After noting the file synchronization "id" that you receive in response, you can set-up a triggered ETL, using the following call and the TRIGGERED
type in the specs:
POST /mass-imports/v5/entities/MyEntity/etls
If the type of the ETL is declared as TRIGGERED
, the call must match the expected body of a triggered ETL.
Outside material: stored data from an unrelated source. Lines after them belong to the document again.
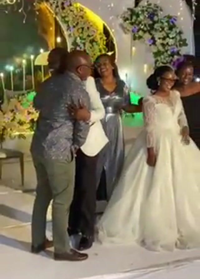 A wedding celebration is taking place. A bride in a long white gown, stands beside the groom in a white tuxedo jacket. The party stands on a white platform decorated with string lights, greenery, and artificial flowers, with a half-moon shaped backdrop. Several guests stand alongside the couple, interacting with them. A man in a gray shirt embraces the groom. A woman in a silver dress smiles toward the couple. A man in a black suit stands toward the left. Additional guests can be seen near the edge of the platform.
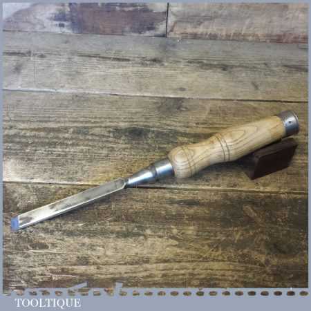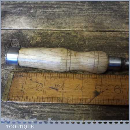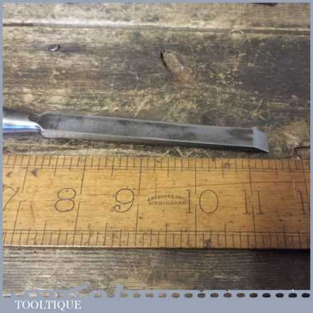 The chisel has been checked to ensure the tang is seated properly and the handle is solid and fit for use. All refurbished chisels are water cooled during the sharpening process to ensure the tempering is not affected. These old cast steel chisels are hand forged and far superior in quality because of the high carbon steel that was used which produces a keener edge, this was also generally used throughout the full length.
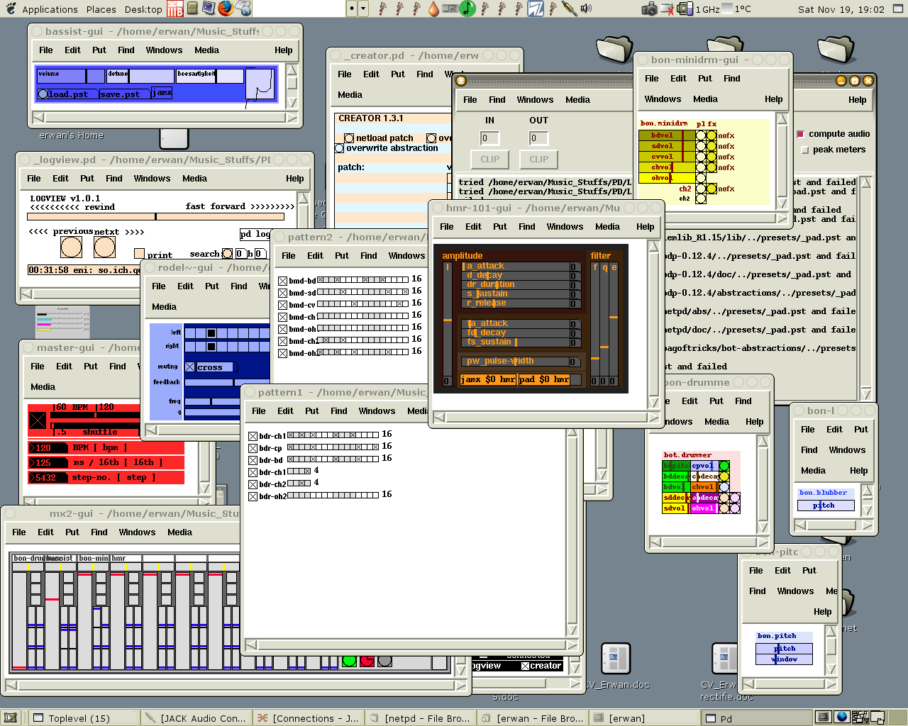 - Hmr est un synthétiseur qui est assez avancé et très agréable à utiliser (il n'est pas encore disponible au téléchargement mais vous devriez pouvoir le récupérer lors d'une session sur netpd.org).
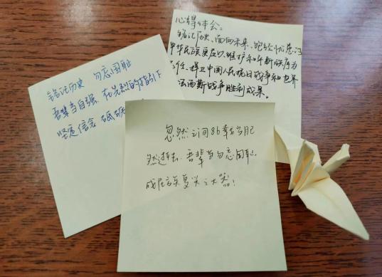 活动结束前,团支书们组织大家为在战争中牺牲的同胞们留言,寄托哀思与悼亡之情。“忽然之间八十六载岁月已然逝去,吾辈当勿忘国耻,成民族复兴之大器”,“国行公祭,祀我殇胞,珍爱和平,勿忘国耻”,拳拳怀思揉进象征着祝福的千纸鹤中,为牺牲的同胞祈福。泛黄的纸条上,写不尽的是对同胞们最沉痛的哀悼。
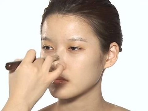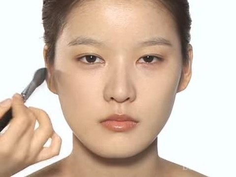 Usapkan foundation yang sesuai dengan warna kulit dengan menggunakan brush. Ikuti bentuk wajah dan usapkan brush dari arah dalam mengarah keluar.
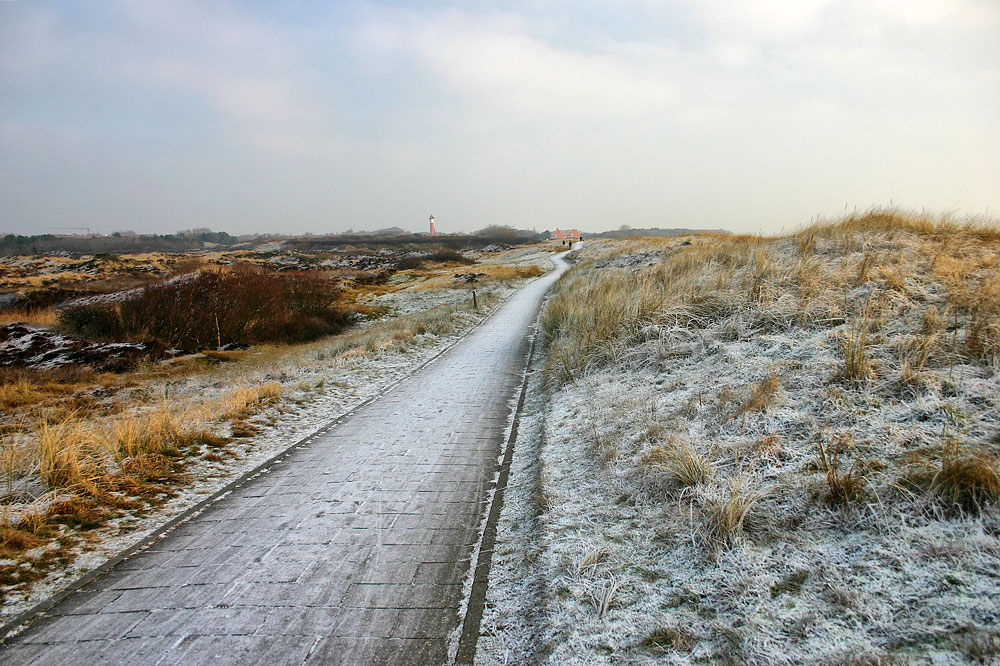 Hier ein frostiger Blick zurück in Richtung Dorf, der Alte Leuchtturm im Hintergrund ist schon ein Stückchen entfernt.
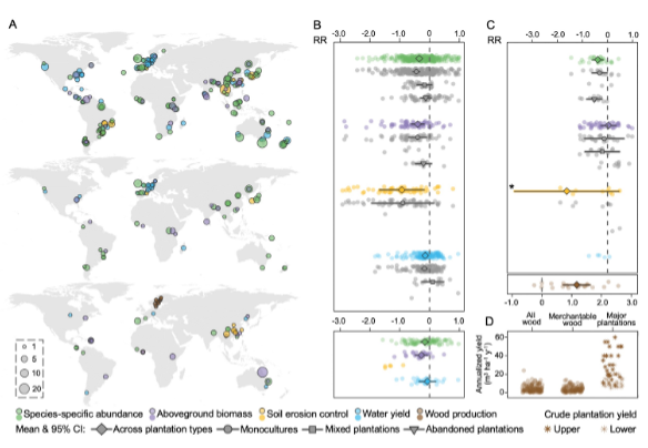 生态研究中心华方圆研究员带领的保护生态学课题组牵头7个国家研究人员组成的跨学科团队,在Science以长文形式在线发表题为“The biodiversity and ecosystem service contributions and trade-offs of forest restoration approaches”的研究论文。研究汇总分析了来自全球53个国家地区、264个野外研究的近2.6万条数据,发现与结构简单的人工林相比,天然林可以更好地支持生物多样性保护和实现地表碳存储、土壤保持、水源涵养的生态系统服务,但是人工林在木材生产方面具有优势。 图1: 天然林与人工林景观:A-四川省大相岭省级自然保护区中的天然林;B-四川省洪雅县境内的柳杉人工林。(图片来源:华方圆) 世界范围内,森林恢复作为一个重要的“基于自然的解决方案”(nature-based climate solution) 被广泛实施,旨在通过其对二氧化碳的吸收和储存帮助应对全球气候变化。另外还有许多森林恢复项目的初衷是土壤保持、水源涵养、或木材生产。森林恢复的方式大致可分为种植较为单一的人工林和恢复天然森林两大类。 上述“生态系统服务”是森林恢复能为人类直接提供的重要福祉,其实现具有重大意义,但一个不容忽视的问题是它们在森林恢复中的主导地位,实际造成了挤占生物多样性的获益空间这一负面作用。这是因为大量以生态系统服务为目标的森林恢复项目抱有“凡林皆可”的假定,主要通过种植一种或少数树种来构建简单的人工林;而相比组成结构多样的天然森林,人工林能带来的生物多样性效应非常有限。 “考虑到当前生物多样性面临的危机及其对森林恢复的迫切需求,这种挤占使生物多样性保护错失了一个巨大的机会”,论文的第一和通讯作者华方圆研究员指出。 然而, 就算对森林恢复针对的上述生态系统服务而言,“人工林与天然林同等有效”的假定目前都还没有得到严格的科学检验 。这个假定成立与否,不仅关系到森林恢复能给生物多样性保护提供多少机会,更决定了森林恢复能在多大程度上实现其生态系统服务的目标。 为填补上述空缺,本研究通过梳理整合现有证据,对一系列人工林与天然林在地表碳存储、土壤保持、水源涵养、木材生产这四个关键生态系统服务和生物多样性上的成效进行了对比,以衡量在森林恢复方式的选择上,不同恢复目标之间的协同或权衡关系,从而为森林恢复的政策制定提供科学支持。 图2:人工林(与天然林相比)在生物多样性与生态系统服务各个维度的评估:A-数据来源分布及数据量;B-人工林与成熟天然林相比的相对成效(上图),林龄较老或处于废弃状态的人工林与天然林相比的相对成效(下图);C-人工林与恢复的天然林相比的相对成效,包括木材生产 (下图);D-恢复的天然林与全球主要单一树种人工林在木材年均产量上的对比。(图片来源:文章) 该篇文章首次从“多种红利”的视角,构建和分析了现有最完备的人工林与天然林配对数据集。结果表明,天然林在保护生物多样性与地表碳存储、土壤保持、水源涵养这三种面向环境的生态系统服务方面都比人工林成效更好。人工林相比天然林成效的差距在土壤保持方面尤其突出,并且在水源涵养方面随气候的干旱程度增加而越发严重。这些发现提示,如果森林恢复的主要目标是生态益处,那么即使不从生物多样性的考虑出发,我们也应该优先恢复天然林。恢复的方式需要因地制宜,基于土地退化程度、水热条件、距离动植物种源地距离等因素,灵活采用自然恢复、人工种植多种本地乔灌草植物、人工辅助促进自然恢复等一系列方法。 图3:创新性的天然林恢复试点:A-巴西圣保罗州Itatinga圣保罗大学森林实验站的桉树人工林景观中,通过自然恢复、人工辅助的自然恢复、人工种植多样本土植物等方式恢复天然林生态系统;在种植有桉树的实验地,桉树在种植5年后采伐,木材收入可用于帮助承担恢复项目的成本。B-巴西圣保罗州Bertioga对桉树人工林进行改造,用药剂杀死桉树,让本地植物群落自然生长,最终恢复为本地原有的大西洋雨林。(图片来源:Paulo Molin和Pedro Brancalion) 但有限的现有数据显示,人工林在木材生产功能上的成效明显优于天然林,体现出森林恢复对其目标和方法需要考虑的关键权衡之处。这一发现也提示,人工林有可能通过保护其他有更高生态成效的森林免于木材生产及其带来的生态代价,来间接地提供生态益处——实现这种间接益处的前提,是人工林以其高效用材林的角色,成为区域尺度林地管理的有机组分。 图4:用于木材生产的人工林:A-广西省合浦县的速生丰产桉树人工林;B-广西省高峰林场主要用于木材生产、但也保留有天然林的森林景观。(图片来源:华方圆) 文章还发现,世界各地许多林龄较老或处于废弃状态、不再用于木材生产的人工林,其生物多样性、地表碳存储、土壤保持、水源涵养成效都低于天然林。考虑到这类人工林的普遍性,将它们恢复成天然林将能带来很大的生态红利。 该研究对森林恢复的政策制定具有重要参考意义。联合国已将2021-2030年定为“生态系统恢复的十年”。与应对气候变化的其他努力一起,“十年”将推动全球在数百万公顷的土地上开展森林恢复,有望带来巨大的生态和社会红利。但兑现这些红利的前提,是选择合适的森林恢复方式、并确保被恢复的森林生态系统能充分实现预期的生态和社会目标。 杏吧原创

A triggered ETL always contains the following parameter:
- the "fileSynchronizationId" parameter in the "triggering" object: this is the id you received at the previous step.
{
"type": "TRIGGERED",
"name": "lead-generation-automated-integration",
"description": "The integration of generated lead all along the day",
"triggering": {
"type": "FILE_SYNCHRONIZATION",
"fileSynchronizationId": "456789",
"paused": false
},
"reportRecipients": [
"john.smith@actito.com"
],
"fileTransfer": {
"input": {
"files": [
{
"fileCode": "leads",
"fileNamePattern": "leads_$YYYYMMDD.csv",
"compressionType": "ZIP",
"compressedFileNamePattern": "leadgeneration_$YYYYMMDD.zip"
},
{
"fileCode": "forms",
"fileNamePattern": "forms.csv",
"compressionType": "ZIP",
"compressedFileNamePattern": "leadgeneration_$YYYYMMDD.zip"
}
]
},
"output": {
"location": {
"type": "REMOTE",
"remoteLocationId": "1"
}
}
},
"inputFilesProperties": [
{
"fileCode": "leads",
"csvFormat": {
"encoding": "UTF-8",
"separator": ";",
"enclosing": "\""
}
},
{
"fileCode": "forms",
"csvFormat": {
"encoding": "UTF-8",
"separator": ";",
"enclosing": "\""
}
}
],
"dataTransformations": [
{
"fileCode": "leads",
"transformations": [
{
"header": "acquisitionMoment",
"transformation": {
"type": "DATE_FORMAT",
"format": "MM-dd-yyyy HH:mm:ss"
}
}
]
}
],
"dataLoadings": [
{
"fileCode": "leads",
"destination": {
"type": "PROFILE_TABLE",
"id": "1",
"attributesMapping": [
{
"header": "eMail",
"attributeName": "emailAddress",
"ignoreEmptyValues": false,
"ignoreInvalidValues": false,
"ignoreValuesWhenAlreadyKnown": false,
"mergeValuesWhenMultivalued": false
}
]
},
"parameters": {
"mode": "CREATE_OR_UPDATE",
"generateResultFiles": false,
"generateErrorFiles": true
}
},
{
"fileCode": "forms",
"destination": {
"type": "CUSTOM_TABLE",
"id": "bezoeiodif-sdfsdf-dfs-sdfsdf",
"attributesMapping": [
{
"header": "source",
"attributeName": "formSource",
"ignoreEmptyValues": false,
"ignoreInvalidValues": false,
"ignoreValuesWhenAlreadyKnown": false,
"mergeValuesWhenMultivalued": false
}
]
},
"parameters": {
"mode": "CREATE_ONLY",
"generateResultFiles": false,
"generateErrorFiles": true
}
}
]
}
You are done!
You've now defined your ETL, which will run at a fixed frequency (if SCHEDULED
) or when a matching file is detected (if TRIGGERED
).
If you've defined a "reportRecipient", they'll automatically receive the execution result, and the result and/or error files (if activated) will be dropped automatically on the "outputFiles" file transfer location.
Marketeers can also monitor ETL executions in the 'Manage imports' app of the UI.